● WORK INSTRUCTION
Reproduce the entries below exactly, but leave the pictures out.

● DATA PROVIDED
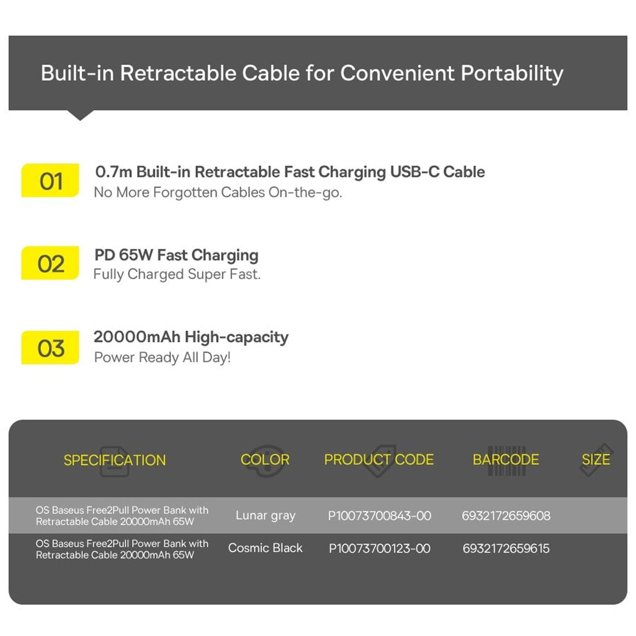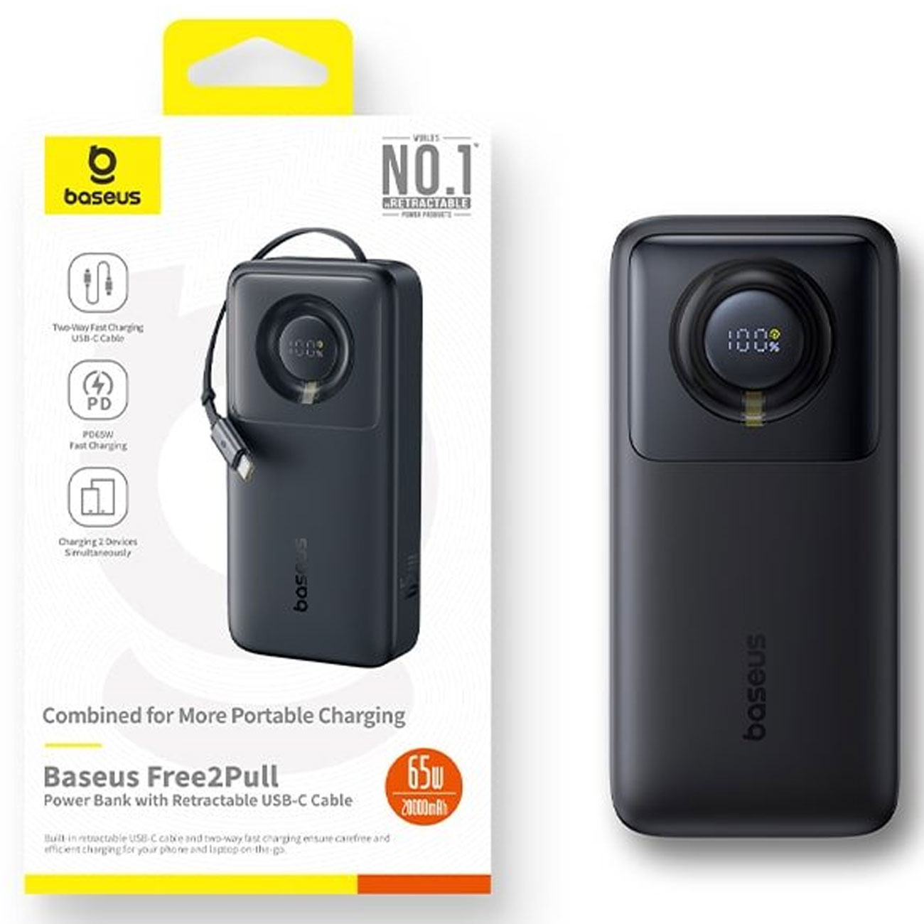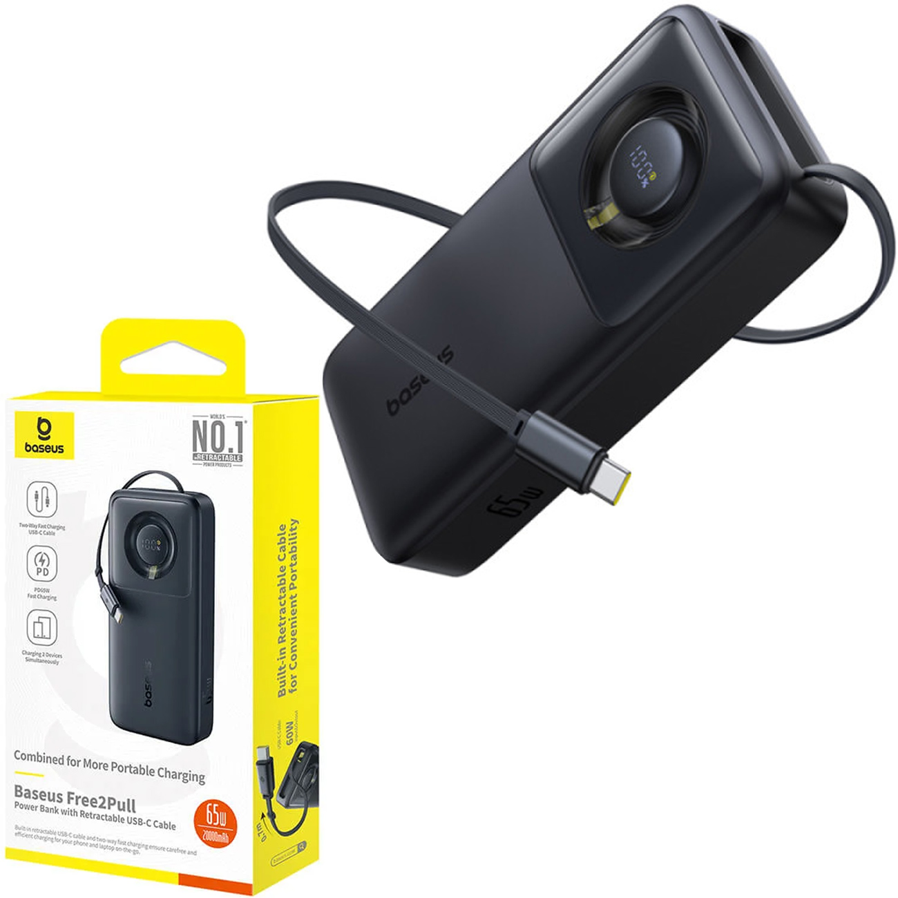 Baseus PPLSC01-20 P10073700123-00 Free2Pull Power Bank with Retractable USB-C Cable 20000mAh 65W
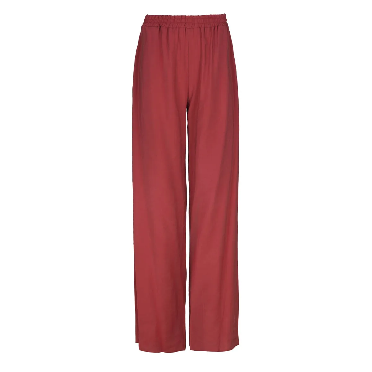 Deze baksteenrode palazzo broek met wijde pijpen is gemaakt van rayon crêpe stof. Er zitten binnenzakken links en rechts. De tailleband is 4 cm breed en heeft elastiek aan de binnenkant.
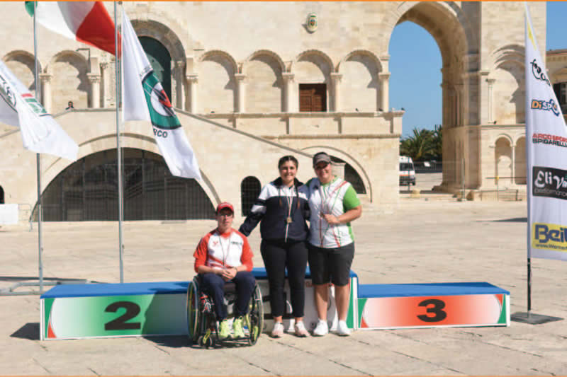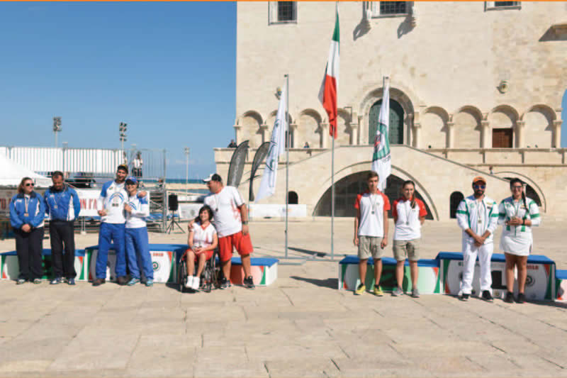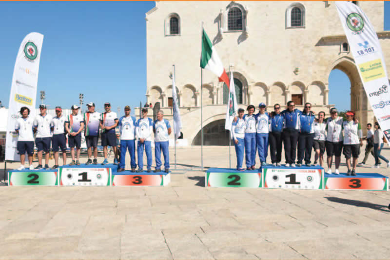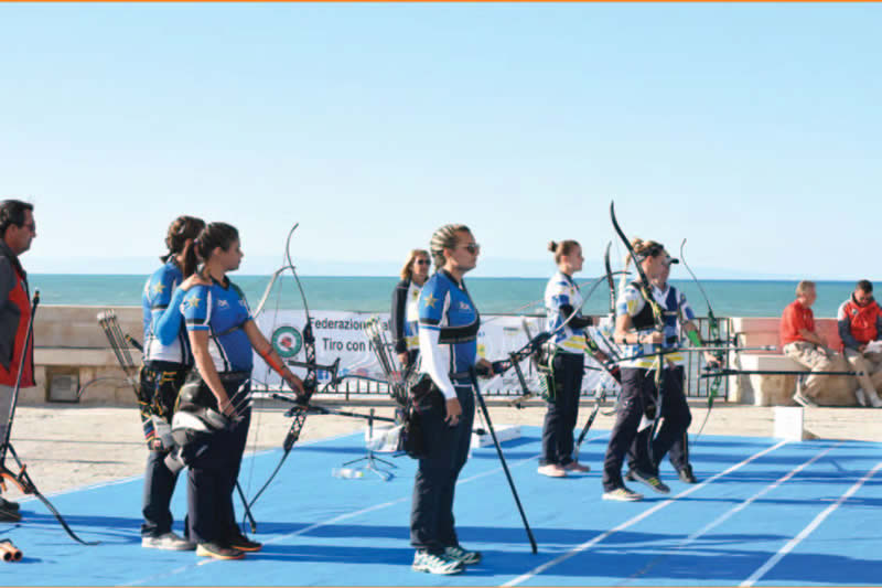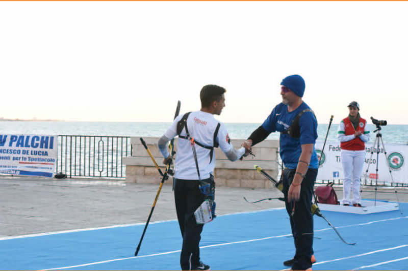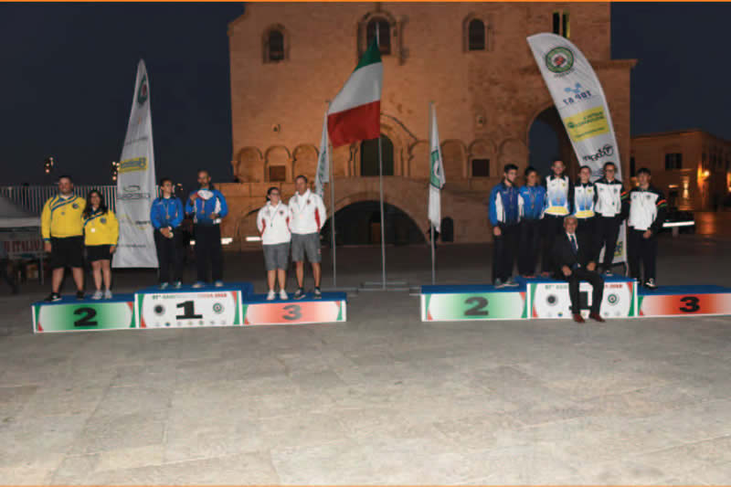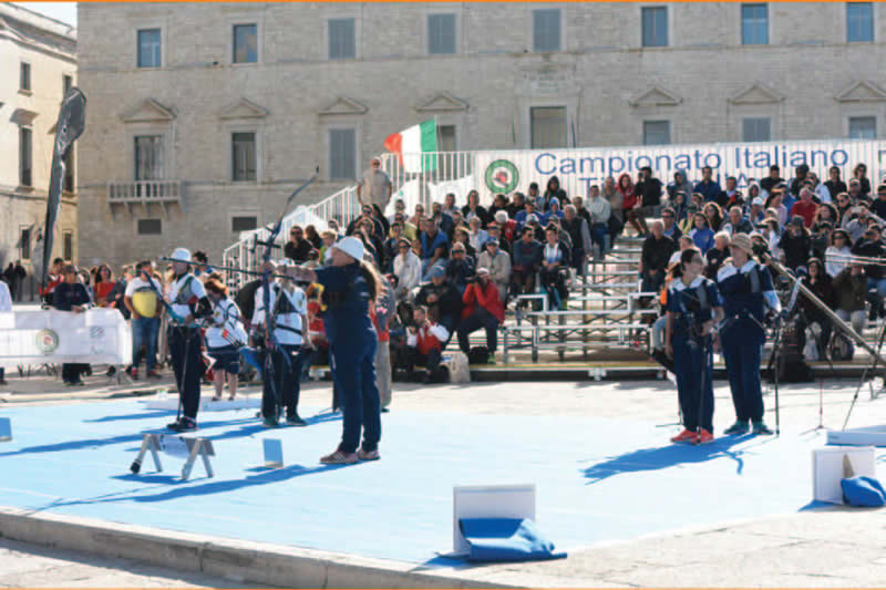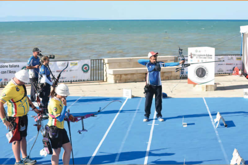 Infine una nota sul luogo delle sfide valide per i titoli assoluti. Il campo delle finali, allestito lungo le mura della Cattedrale di San Nicola Pellegrino a Trani è stato probabilmente uno dei più belli e suggestivi luoghi dove è stato organizzato un Campionato Italiano. Completamente affacciato sul mare e quindi esposto al vento, ha reso i match certamente difficoltosi per le folate che hanno spirato incessantemente sugli atleti, mettendo a dura prova le prestazioni individuali e a squadre, tanto da costringere i giudici di gara ad allungare i tempi di tiro per permettere agli arcieri di gestire meglio tale condizione. Una situazione che però non ha tolto fascino alle fasi clou della competizione che, grazie al maxi schermo e alla tribuna allestita alle spalle della linea di tiro, ha permesso a tantissimi turisti di seguire le sfide per i tricolori assoluti con uno sfondo paesaggistico e architettonico davvero memorabile. Le emozioni per la conquista delle medaglie rimarranno nel cuore di chi le ha conquistate, ma lo stesso sarà per chi ha assistito alla manifestazione dal vivo e per chi ha seguito da casa le gesta degli atleti su YouArco che, come di consueto, ha trasmesso i match validi per i tricolori permettendo a tutti gli sportivi di godere di un doppio spettacolo: agonistico e d’immagine. •
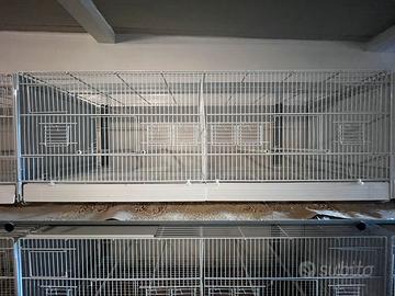Si cede batteria Domus Molinari, sistema carta, composta da n.12 voliere da cm.120, apribili, completa di vassoi poggia-carta, doppie griglie per ogni gabbia, divisori e bastoni poggia-zampe.
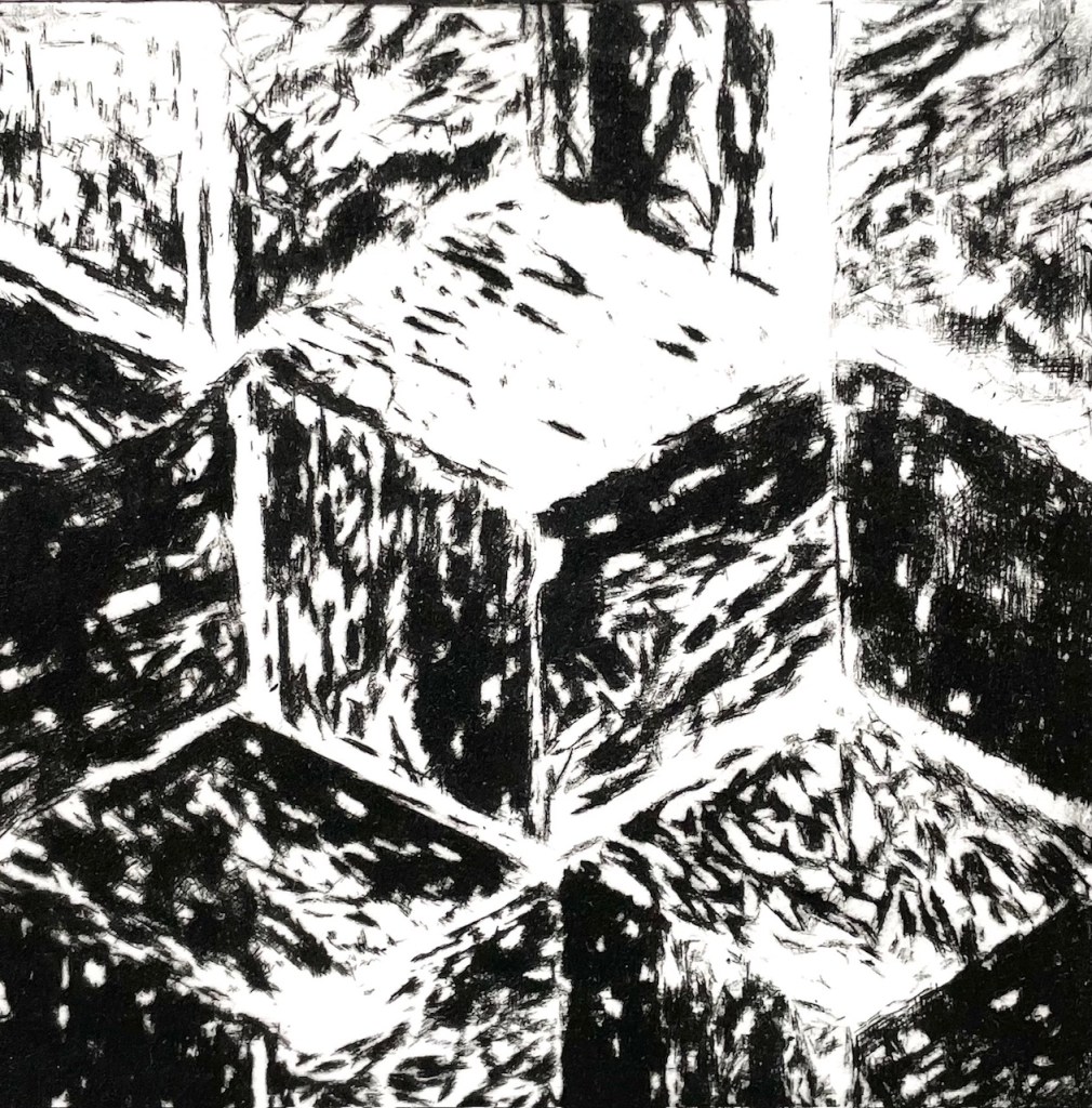 Torrnålstryck på koppartryckspapper.

● RESPONSE BELOW
 Baseus PPLSC01-20 P10073700123-00 Free2Pull Power Bank with Retractable USB-C Cable 20000mAh 65W
 Deze baksteenrode palazzo broek met wijde pijpen is gemaakt van rayon crêpe stof. Er zitten binnenzakken links en rechts. De tailleband is 4 cm breed en heeft elastiek aan de binnenkant.
 Infine una nota sul luogo delle sfide valide per i titoli assoluti. Il campo delle finali, allestito lungo le mura della Cattedrale di San Nicola Pellegrino a Trani è stato probabilmente uno dei più belli e suggestivi luoghi dove è stato organizzato un Campionato Italiano. Completamente affacciato sul mare e quindi esposto al vento, ha reso i match certamente difficoltosi per le folate che hanno spirato incessantemente sugli atleti, mettendo a dura prova le prestazioni individuali e a squadre, tanto da costringere i giudici di gara ad allungare i tempi di tiro per permettere agli arcieri di gestire meglio tale condizione. Una situazione che però non ha tolto fascino alle fasi clou della competizione che, grazie al maxi schermo e alla tribuna allestita alle spalle della linea di tiro, ha permesso a tantissimi turisti di seguire le sfide per i tricolori assoluti con uno sfondo paesaggistico e architettonico davvero memorabile. Le emozioni per la conquista delle medaglie rimarranno nel cuore di chi le ha conquistate, ma lo stesso sarà per chi ha assistito alla manifestazione dal vivo e per chi ha seguito da casa le gesta degli atleti su YouArco che, come di consueto, ha trasmesso i match validi per i tricolori permettendo a tutti gli sportivi di godere di un doppio spettacolo: agonistico e d’immagine. •
Si cede batteria Domus Molinari, sistema carta, composta da n.12 voliere da cm.120, apribili, completa di vassoi poggia-carta, doppie griglie per ogni gabbia, divisori e bastoni poggia-zampe.
 Torrnålstryck på koppartryckspapper.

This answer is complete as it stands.